**Task directions:** A verbatim copy of all the data is required; the pictures should not appear in it.

===== Data extract

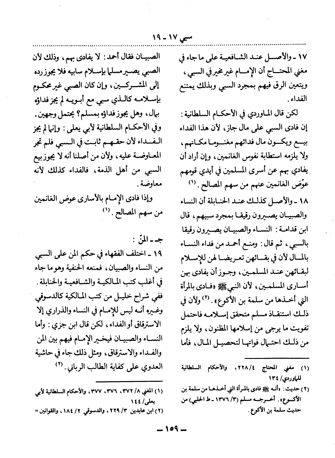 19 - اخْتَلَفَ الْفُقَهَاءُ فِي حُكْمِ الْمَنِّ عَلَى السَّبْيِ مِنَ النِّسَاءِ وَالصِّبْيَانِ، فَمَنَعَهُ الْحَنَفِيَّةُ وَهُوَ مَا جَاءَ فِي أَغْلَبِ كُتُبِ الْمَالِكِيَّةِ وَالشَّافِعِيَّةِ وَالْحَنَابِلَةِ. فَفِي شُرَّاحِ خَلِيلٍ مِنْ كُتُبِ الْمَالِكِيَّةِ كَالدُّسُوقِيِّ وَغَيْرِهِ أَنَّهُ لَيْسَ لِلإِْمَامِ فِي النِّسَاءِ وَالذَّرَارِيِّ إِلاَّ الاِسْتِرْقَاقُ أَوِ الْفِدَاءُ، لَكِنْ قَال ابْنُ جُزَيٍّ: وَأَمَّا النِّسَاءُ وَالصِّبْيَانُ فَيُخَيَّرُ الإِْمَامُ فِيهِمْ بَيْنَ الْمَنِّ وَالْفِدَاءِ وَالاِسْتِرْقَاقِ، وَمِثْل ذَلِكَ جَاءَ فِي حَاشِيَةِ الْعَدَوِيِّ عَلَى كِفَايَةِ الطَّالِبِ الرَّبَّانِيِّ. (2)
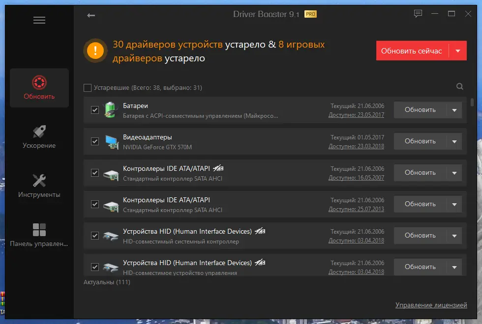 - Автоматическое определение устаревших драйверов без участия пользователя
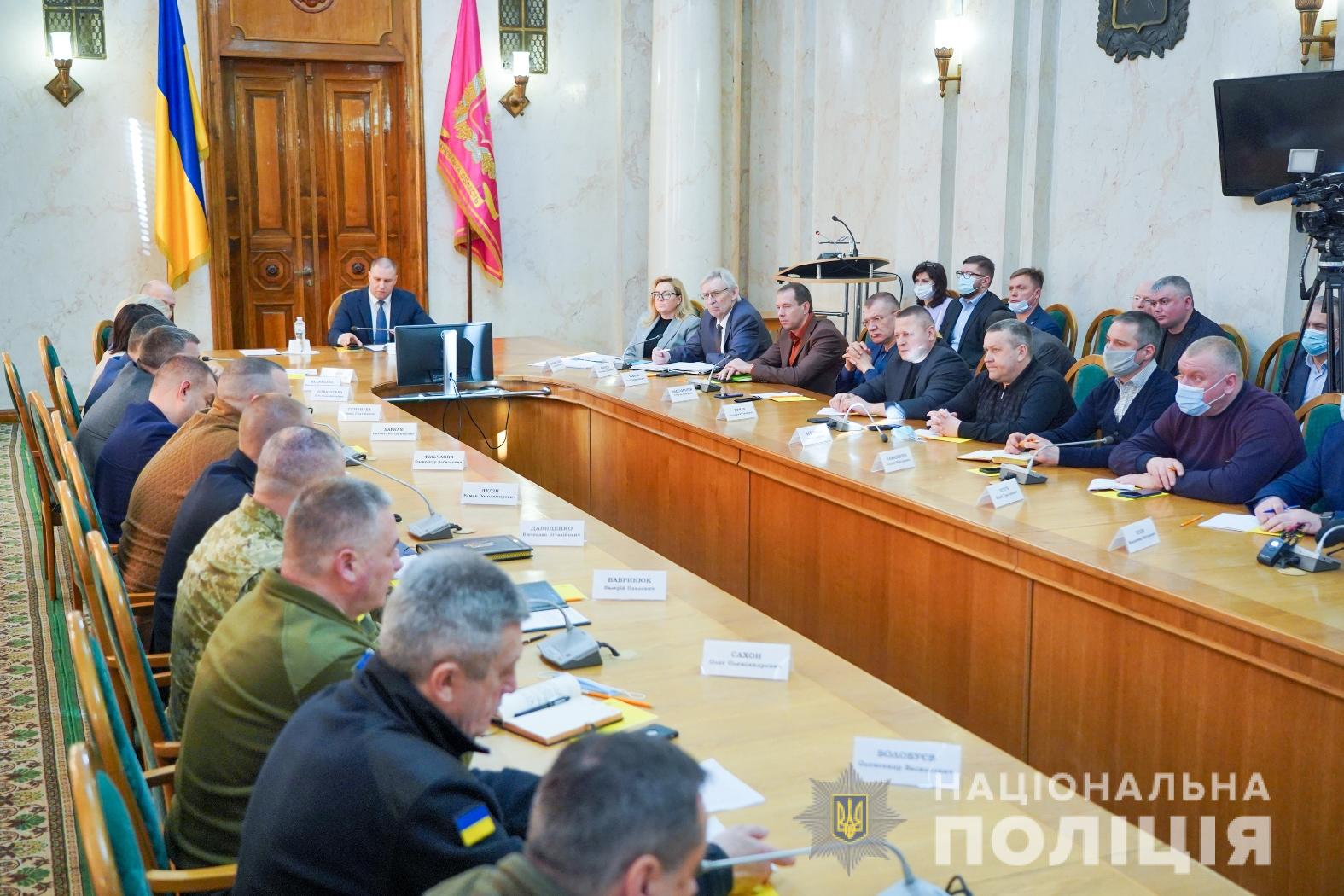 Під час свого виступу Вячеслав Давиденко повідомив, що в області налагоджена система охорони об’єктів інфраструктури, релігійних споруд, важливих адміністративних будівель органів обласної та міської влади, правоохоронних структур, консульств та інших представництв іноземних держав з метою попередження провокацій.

==========

**Output:**
 19 - اخْتَلَفَ الْفُقَهَاءُ فِي حُكْمِ الْمَنِّ عَلَى السَّبْيِ مِنَ النِّسَاءِ وَالصِّبْيَانِ، فَمَنَعَهُ الْحَنَفِيَّةُ وَهُوَ مَا جَاءَ فِي أَغْلَبِ كُتُبِ الْمَالِكِيَّةِ وَالشَّافِعِيَّةِ وَالْحَنَابِلَةِ. فَفِي شُرَّاحِ خَلِيلٍ مِنْ كُتُبِ الْمَالِكِيَّةِ كَالدُّسُوقِيِّ وَغَيْرِهِ أَنَّهُ لَيْسَ لِلإِْمَامِ فِي النِّسَاءِ وَالذَّرَارِيِّ إِلاَّ الاِسْتِرْقَاقُ أَوِ الْفِدَاءُ، لَكِنْ قَال ابْنُ جُزَيٍّ: وَأَمَّا النِّسَاءُ وَالصِّبْيَانُ فَيُخَيَّرُ الإِْمَامُ فِيهِمْ بَيْنَ الْمَنِّ وَالْفِدَاءِ وَالاِسْتِرْقَاقِ، وَمِثْل ذَلِكَ جَاءَ فِي حَاشِيَةِ الْعَدَوِيِّ عَلَى كِفَايَةِ الطَّالِبِ الرَّبَّانِيِّ. (2)
 - Автоматическое определение устаревших драйверов без участия пользователя
 Під час свого виступу Вячеслав Давиденко повідомив, що в області налагоджена система охорони об’єктів інфраструктури, релігійних споруд, важливих адміністративних будівель органів обласної та міської влади, правоохоронних структур, консульств та інших представництв іноземних держав з метою попередження провокацій.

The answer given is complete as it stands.